Ömer Osi benimle yaptığı bu konuşmanın çok daha geniş versiyonunu resmi yayın yapan Şam FM'de, Kürtçe şarkılar eşliğinde yaptı. Yaptığı konuşma çok önemli ve anlamlıydı. Türkiye’den katılan Kürtlerinde önemli açıklamalarıyla Ömer Osi FM konuşmasını şu sözlerle bitirdi; "Laik Suriye'de Kürtler barış içinde bir arada yaşayarak Emperyalist oyunlara karşı mücadele edeceğiz dedi"
Kendi izlenimlerim ve farklı kaynaklardan aldığım bilgiler de aynıyla bunu gösteriyordu. Cezire ilinde, Kamışlı'da, Amuda'da, Dirbesiya'da, Halep ve Şam'da yani Kürtlerin Suriye'de yaşadığı her alanda, yaygın biçimde resmi yetkililerle omuz omuza, vatan çatısını esas alan demokratik dost güçlerle birlikte Newroz kutlanmış oldu.
Bir kez daha Newroz tüm insanlığa kutlu olsun diyorum, özel olarak da Kürt halkına. Newroz özgürlük ve demokrasi olsun, bu uğurda mücadele edenlere zafer olsun. Bu gün Arap Alevileri içinde kutsal bir gündür; Aynı anlamla eskinin, kötülüklerin, karanlıkların ve zulmün sona ermesi ve yeninin özgürlükle sevinç ve coşkuyla, baharı müjdeleyen doğanın yol haritası olarak, tarihteki tüm efsane ve gerçeklerin düşünsel evrim, birikim ve aktarımlarının sentezi olarak bu günü kutsal bir bayram sayarlar (Bu bayram Arap Alevilerinde eski takvim gereği 4 Nisanda kutlanır. 3iyd Newroz rab3 min Nisan)
Bu makalemde sadece iki ülke ve iki farklı Kürt algısını yansıtma amacı taşıyorum. Osmanlıdan Cumhuriyete 200 yıl boyunca, 39 Kürt halk ayaklanması toplu kıyımla yüz yüze kalmıştır. Kürtler hep katledilmiştir. Kürtlerin, hakları yok edilmiş, varlıkları bile düne kadar tanınmamıştır. Tüm insan topluluklarının kutsal günlerine, bayramlarına saygının olduğu ve komşumuz Suriye tüm sorunlarına karşın Newrozu özgürce ve coşkuyla kutlamasına karşın, Türkiye'de Kürt halkına yasakçılığın dayatılması, yine baskıcı davranılması, kimin demokrasi dersine ihtiyacı olup olmadığını göstermesi açısından önem taşmaktadır. Suriye bu gün, halkçı yönetimin yaptığı reformlar ve onaylanan anayasasıyla gerçekten bölgemizin en demokratik ülkesi olarak halkına her alanda sınırsız açılım olanağı vermiştir. Bu örnek ülke zorluklarını buradan aldığı güçle aşacağı kesindir.

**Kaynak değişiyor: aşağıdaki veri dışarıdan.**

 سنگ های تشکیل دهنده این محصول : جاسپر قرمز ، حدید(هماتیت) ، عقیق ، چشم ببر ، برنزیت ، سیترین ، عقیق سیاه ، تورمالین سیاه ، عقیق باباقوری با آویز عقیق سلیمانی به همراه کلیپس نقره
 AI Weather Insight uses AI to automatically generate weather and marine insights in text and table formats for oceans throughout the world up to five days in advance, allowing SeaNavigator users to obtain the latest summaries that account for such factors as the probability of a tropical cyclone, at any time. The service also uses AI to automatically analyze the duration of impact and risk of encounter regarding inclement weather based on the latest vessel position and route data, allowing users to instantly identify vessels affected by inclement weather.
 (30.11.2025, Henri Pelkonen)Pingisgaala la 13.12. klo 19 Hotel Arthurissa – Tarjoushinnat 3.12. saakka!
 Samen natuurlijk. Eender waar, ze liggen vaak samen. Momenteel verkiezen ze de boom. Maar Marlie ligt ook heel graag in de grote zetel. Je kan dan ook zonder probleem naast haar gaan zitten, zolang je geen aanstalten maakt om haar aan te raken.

Suriye'de 2011 Newroz kutlamalarıyla ilgili kaleme aldığım "SURİYE'NİN HANDİKABI; KÜRTLER" başlıklı makalemin bazı kısımlarını sizlerle paylaşıyorum.
"İKİ DEVLET İKİ FARKLI DURUŞ
Suriye, 17 Nisan 1947’da bağımsız bir devlet oldu. O güne dek, Osmanlının hükmü altında 400 yıl, sömürge bir feodal eyalet olarak yaşamıştı. I. Paylaşım savaşı ardından 20 yılı aşkın bir süre de Fransız mandası altında sömürge bir ülkeydi.

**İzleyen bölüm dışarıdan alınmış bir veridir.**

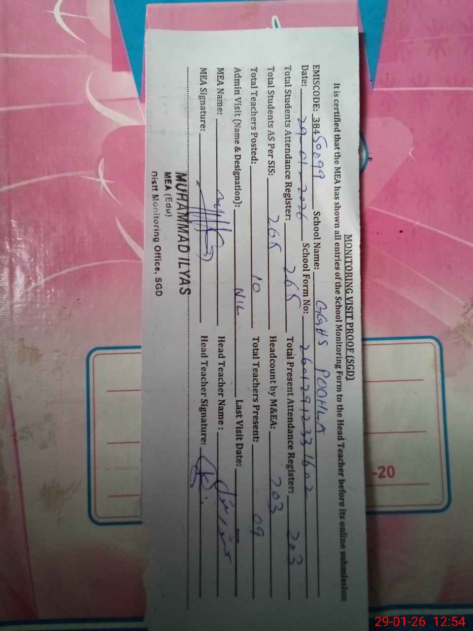 | EMIS Code: 38450099 | Name of School: GGHS POOHLA | |||

Bu haliyle, genç Suriye devleti, bölgedeki devletlerle karşılaştırılması mümkün olmayan Kürt gerçeğiyle ilişki halinde oldu.
Osmanlı zulmü ve Türkiye’de Cumhuriyetle başlayan kıyımın hiçbir düzeyi, Kürtlerle Suriye arasında yaşanmamıştı. Cumhuriyetin ırkçılığa varan baskıları, 19 Kürt ayaklanmasıyla cevaplanırken, Suriye’de Kürtlerin bir mantar tabancası dahi patlatmamış olması bu gerçeği anlatmaya yeterlidir.
Ülkemizde Kürt özgürlük hareketinin ağırlıklı kadro ve militanlarının Suriye kökenli Kürtlerdir. Ölümlere meydan okuyan bu gerileler, Suriye’de silahlı mücadeleye başvurmamıştır. Zaman zaman Kürtlerle Suriye yönetimi arasında ya da Arap aşiretleriyle gerginlikler yaşansa da kayda değer bir çatışma bile olmamıştır. Akli şahsiyetlerin müdahalesiyle irili ufaklı yerel sorunların çözülebilmesi bu ilişkilerin barışçı çizgiyi koruyan bir duyarlılığa sahip olduğunu göstermiştir.
21 Mart 2011 Newrozu’nun ortaya koyduğu barış ve birlik havası bu çizginin yoğunlaşmasına da bir işarettir. Son haberde Newroz bayramının Suriye de resmi bayram ilan edileceğidir; ülkemizde büyük acılar, kanlı kıyımlar, işkence, zindan ve sürgünlerin gölgesinde kalmış, iki yüzlü ahlaksızlığın tipik simgesi olarak Newroz bayramını “Türklük aleminin bayramı” diye, resmi bayram ilan edilmesini hatırladıkça, iki ülkenin nasıl da iki ayrı aflıyla aynı soruna yaklaştığını görmek güç olmasa gerek.
SURİYELİ KÜRTLERİN EĞİLMİ
Suriye Kürtlerinin, Suriye tarihinde oynadıkları rol ve bu güne kadar gelen konumları ayrı bir yazı konusudur. Selahiddin El Eyyubi’den, çağdaş Suriye devlet başkanlarına, Şam üniversitesinin yüzlerce bilim adamı doktorundan, Baas içinde ve sosyal, siyasal, sanatsal etkinliklerde yer alan Kürt ağırlıklı varoluşa kadar önemli bir yelpaze Kürt kimliğini gizlemeden kendini ifade edebilmektedir.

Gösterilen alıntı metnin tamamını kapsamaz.